Mishegoss – Jews and the Olympics

Share

1936 — Basketball in Berlin

While the 1936 Summer Olympics conjure up stories of Jesse Owens triumphing in the face of Germany’s push for Aryan superiority, there are other stories to tell. As Jews were not permitted to compete for Germany, many Jews from other countries chose to boycott the Olympic Games. During the Games, nine Jews earned medals, including one American — Sam Balter.

The year 1936 was the first time basketball became a medaling event and the United States had planned to field a team. If you played basketball after college, you probably played for a YMCA or business club team. To determine who would go to the Olympics, a national qualifying tournament was created, which has evolved into what we now know as NCAA March Madness.

The final game of the qualifying tournament took place at Madison Square Garden, with members from both the top teams forming the Olympic team. While the Long Island Blackbirds were the odds-on favorite to win the tournament after a stellar 25-0 season, the team, which consisted of five Jews, decided to boycott the Games.

1936 USA Olympic basketball team

The two team finalists were the Universal Pictures Universals and the McPherson Globe Refiners. At Universal, Carl Laemmle hired a number of former UCLA players as grips and stagehands who could also play basketball as a traveling marketing team to promote the studio’s slate of films. In McPherson County, Kansas, the Globe Refiners were created as a marketing campaign to promote the company’s growing gasoline business. With a one-point victory, Universal earned the right to fill half of the Olympic roster. McPherson supplied six players, and one college player was selected from Washington to complete the roster. As the team prepared for the Olympics, the players were told that they would lose their jobs if they went to the Games. The players took the risk, and without their companies’ support, they had to raise their own funds to get to Germany.

As the U.S. players arrived in Berlin, they learned that their games would be played outdoors at the tennis plaza on courts made of sand, silt and clay. The Americans reached the finals after Spain withdrew due to that country’s civil war. After that, Team USA easily defeated Estonia, the Philippines and Mexico.

The final game versus Canada was scheduled after a day of rain, making the court a muddy mess. The poor conditions made dribbling and running the court a challenge, and the score reflected it. After the United States took a 15-4 halftime lead, the rain intensified, and a mere eight points were collectively scored in the entire second half. The United States emerged with a 19-8 victory, and Dr. James Naismith, who invented the sport nearly 45 years earlier, was honored as he presented the Americans with their gold medals.

Sam Balter, averaging 8.5 points over the four games leading to the gold medal, was the only Jewish-American athlete to win gold at the 1936 Olympics. Balter, a UCLA All-American in 1929, later became “the voice of the Bruins” as the play-by-play announcer for football and basketball broadcasts. Balter, who was a member of the Southern California Sports Broadcasters Hall of Fame, UCLA Athletic Hall of Fame and International Jewish Sports Hall of Fame died at 88 in 1998.

Indian Clubs

Los Angeles was the site of the second and last Indian Clubs medal competition in the Olympic Games. Two local Los Angeles Athletic Club members, George Roth and Philip Erenberg were selected to compete. In all, only two nations competed in the Games, with a grand total of just four competitors (three from the United States, one from Mexico). The sport is considered a gymnastic event that combines weightlifting, agility and style.

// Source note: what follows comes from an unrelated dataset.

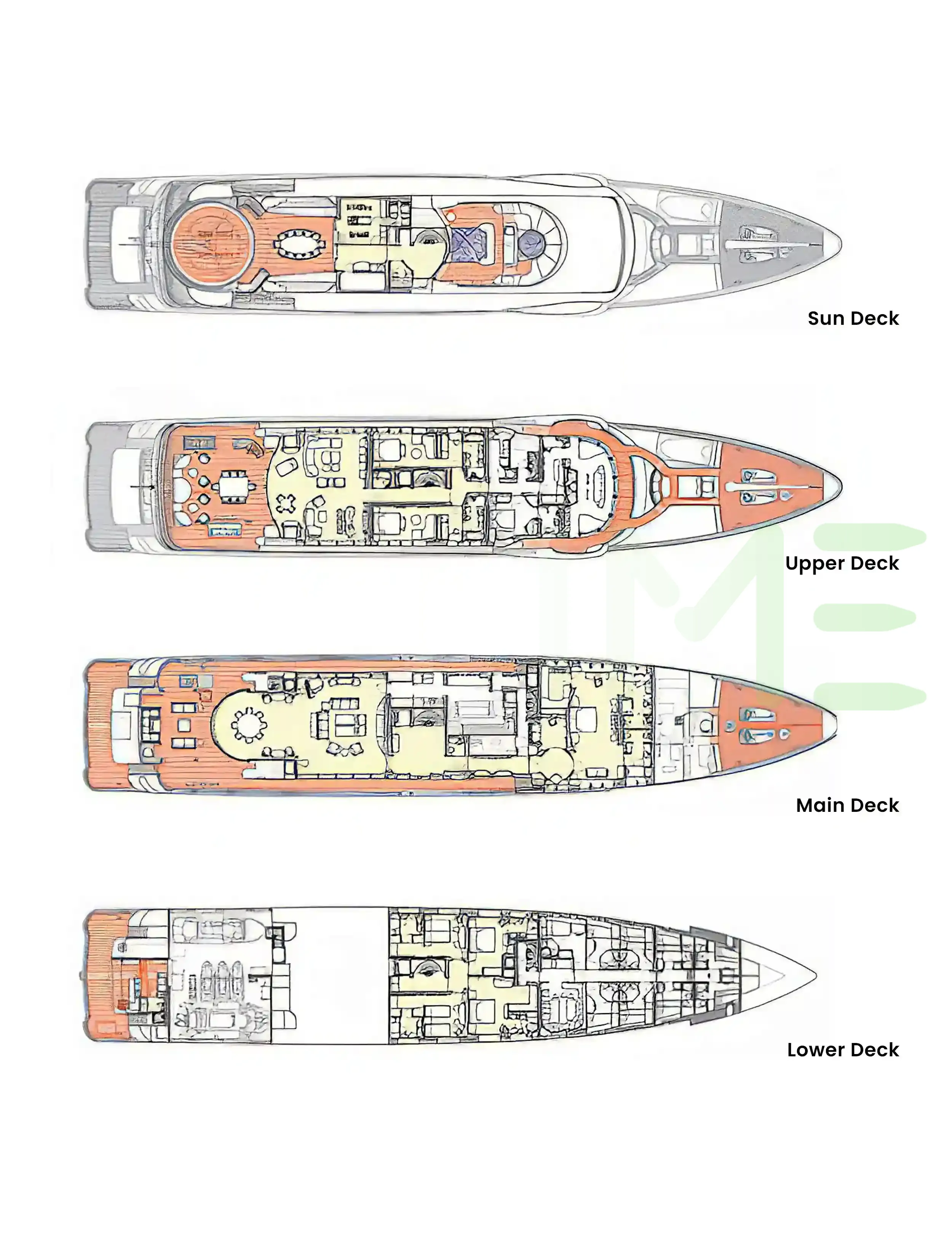Request plans that include the layout of staterooms, guest areas, and outdoor spaces, as well as crew quarters and work areas.
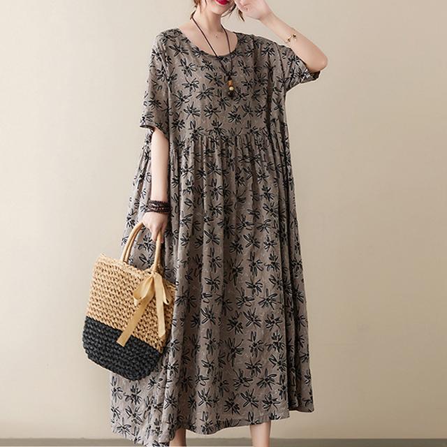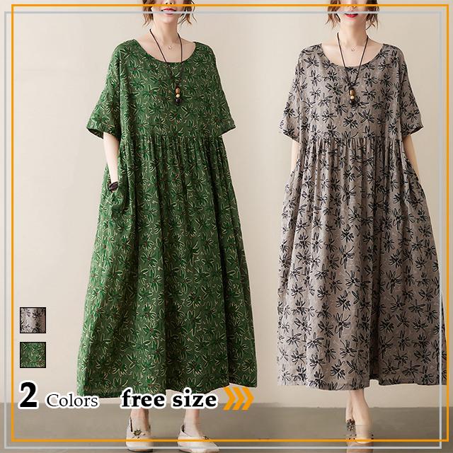 冬新作 ワンピース 新作 送料無料 レディースワンピース ワンピース 体型カーバーワンピース 花柄 婦人服 ゆったり 大きいサイズ 膝丈 半袖 春夏 大きいサイズ 30代 40代 50代 60代

Roth described the sport in the book, “Tales of Gold,” thusly: “Indian clubs look a little like bowling pins, but they are skinny and have long necks with a small, round knob at the top end. What you do is twirl them around your body — in front, in back, and on the sides — without letting them touch each other or yourself.  The routines lasted for four minutes, and you couldn’t stop or hesitate or repeat any pattern that you already had done.”

Roth garnered the gold medal with a score of 26.9 out of a possible 30, narrowly beating the Jewish American, Erenberg, who scored a 26.7. During the games, Erenberg was attending medical school at the University of California, Irvine, and after graduating in 1934, he went on to have a 50-year career in medicine. 

Claire Weinstein: The Next Swimming Star

Mark Spitz, Michael Phelps, Dana Torres, Jason Lezak, Lenny Krayzelburg and Scott Goldblatt are just a few of the amazing Jewish swimmers who have won gold medals at the Olympics. Is 17-year-old Claire Weinstein the next great Jewish swimmer to add to this list? 

Presently, Katie Ledecky is regarded as the greatest female swimmer of all time. Ledecky shocked the world with her first gold medal at the 2012 London Olympic Games at the age of 15. She went on to win more medals at the 2016 and 2020 Olympics. While Ledecky is a practicing Catholic, her grandmother was Jewish and a source of her inspiration. 

In June, Weinstein, then 16, stunned everyone by besting Ledecky at the U.S. Swimming Championships in Indianapolis. Ledecky had not been beaten by an American in the 200-meter freestyle in more than nine years! We will be watching to see if Paris is where Weinstein achieves international glory.